-- WORK TASK --
Quote all of the data exactly as given. Skip every picture it contains.

++++ DATASET EXTRACT ++++

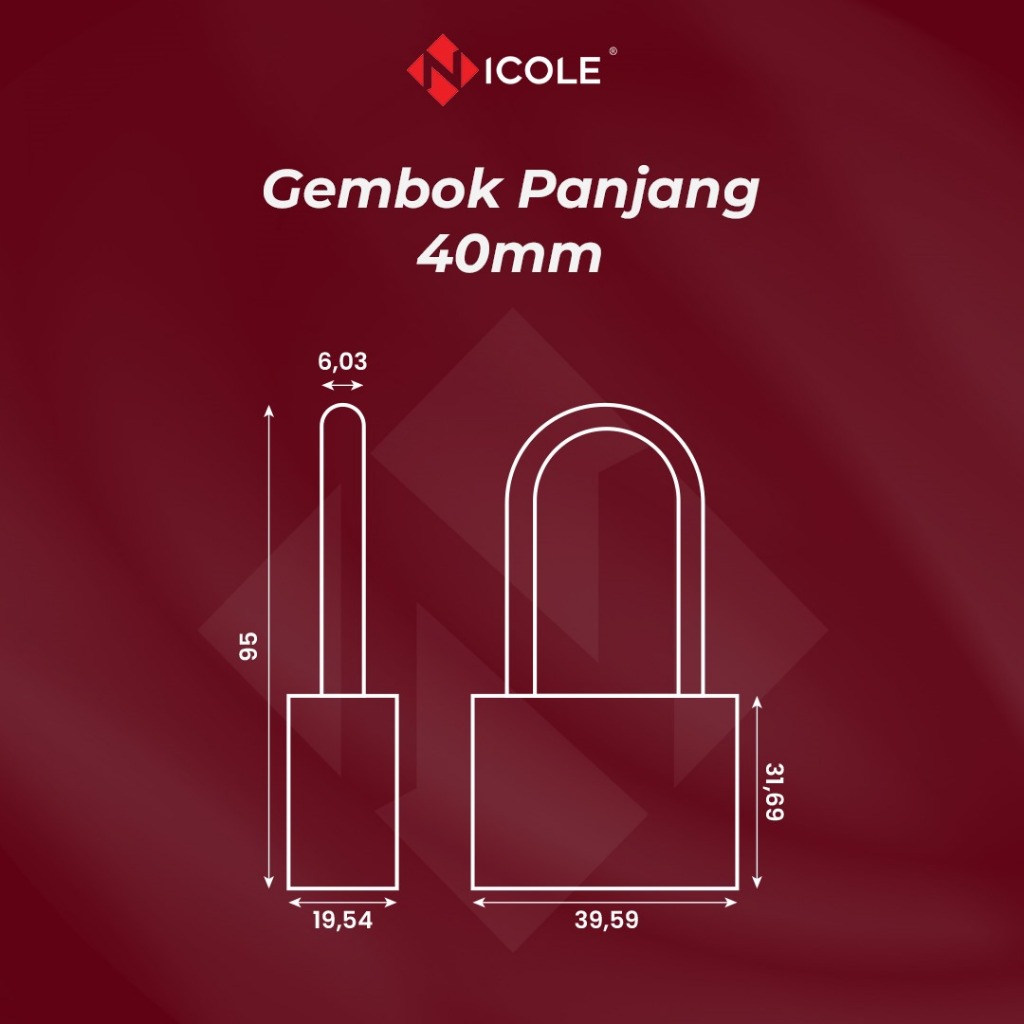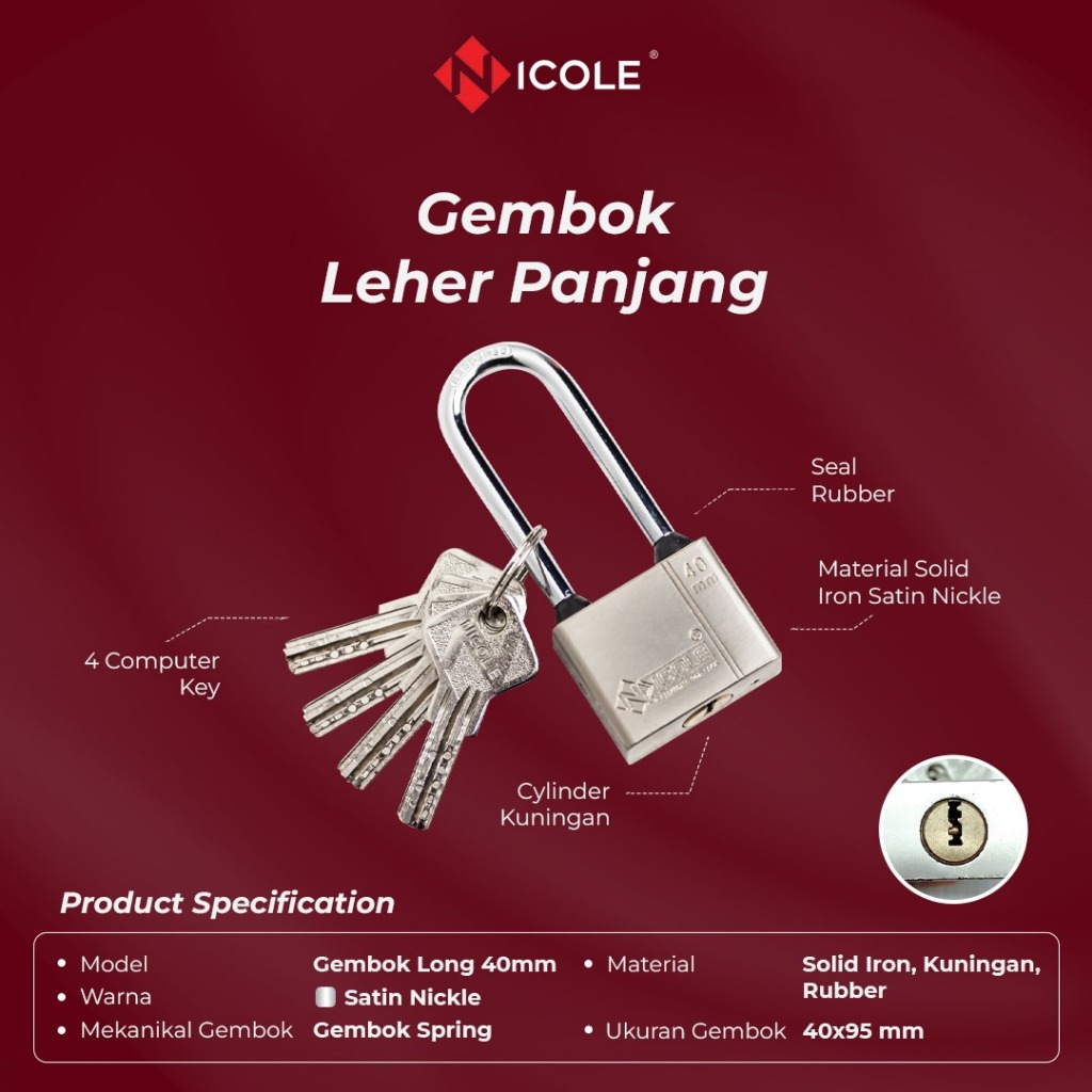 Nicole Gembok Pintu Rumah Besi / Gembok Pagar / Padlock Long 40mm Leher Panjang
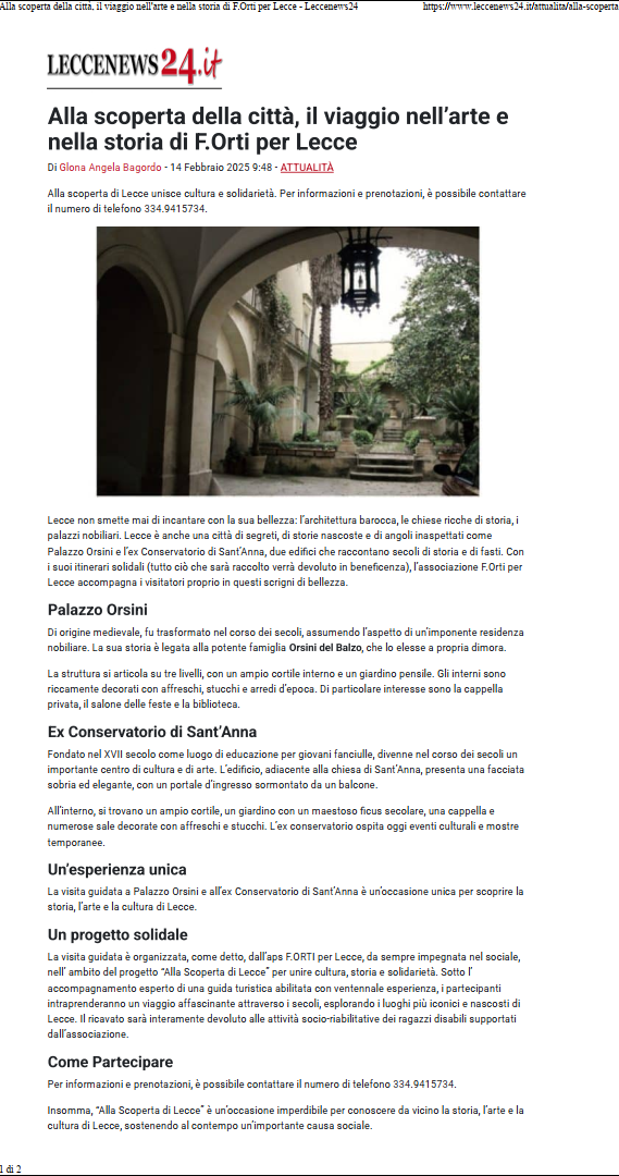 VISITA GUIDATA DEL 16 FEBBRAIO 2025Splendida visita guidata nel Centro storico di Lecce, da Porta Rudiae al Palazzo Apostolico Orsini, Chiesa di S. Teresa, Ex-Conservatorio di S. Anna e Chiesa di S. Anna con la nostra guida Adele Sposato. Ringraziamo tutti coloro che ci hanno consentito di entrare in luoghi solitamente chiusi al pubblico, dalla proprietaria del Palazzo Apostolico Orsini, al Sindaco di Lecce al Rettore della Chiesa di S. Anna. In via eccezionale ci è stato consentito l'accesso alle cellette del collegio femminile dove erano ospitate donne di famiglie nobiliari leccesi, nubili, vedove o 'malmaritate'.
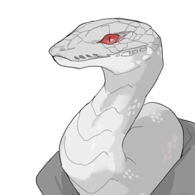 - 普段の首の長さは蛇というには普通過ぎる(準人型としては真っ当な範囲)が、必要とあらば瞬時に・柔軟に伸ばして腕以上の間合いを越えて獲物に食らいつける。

++++

-- SOLVED EXERCISE --
 Nicole Gembok Pintu Rumah Besi / Gembok Pagar / Padlock Long 40mm Leher Panjang
 VISITA GUIDATA DEL 16 FEBBRAIO 2025Splendida visita guidata nel Centro storico di Lecce, da Porta Rudiae al Palazzo Apostolico Orsini, Chiesa di S. Teresa, Ex-Conservatorio di S. Anna e Chiesa di S. Anna con la nostra guida Adele Sposato. Ringraziamo tutti coloro che ci hanno consentito di entrare in luoghi solitamente chiusi al pubblico, dalla proprietaria del Palazzo Apostolico Orsini, al Sindaco di Lecce al Rettore della Chiesa di S. Anna. In via eccezionale ci è stato consentito l'accesso alle cellette del collegio femminile dove erano ospitate donne di famiglie nobiliari leccesi, nubili, vedove o 'malmaritate'.
 - 普段の首の長さは蛇というには普通過ぎる(準人型としては真っ当な範囲)が、必要とあらば瞬時に・柔軟に伸ばして腕以上の間合いを越えて獲物に食らいつける。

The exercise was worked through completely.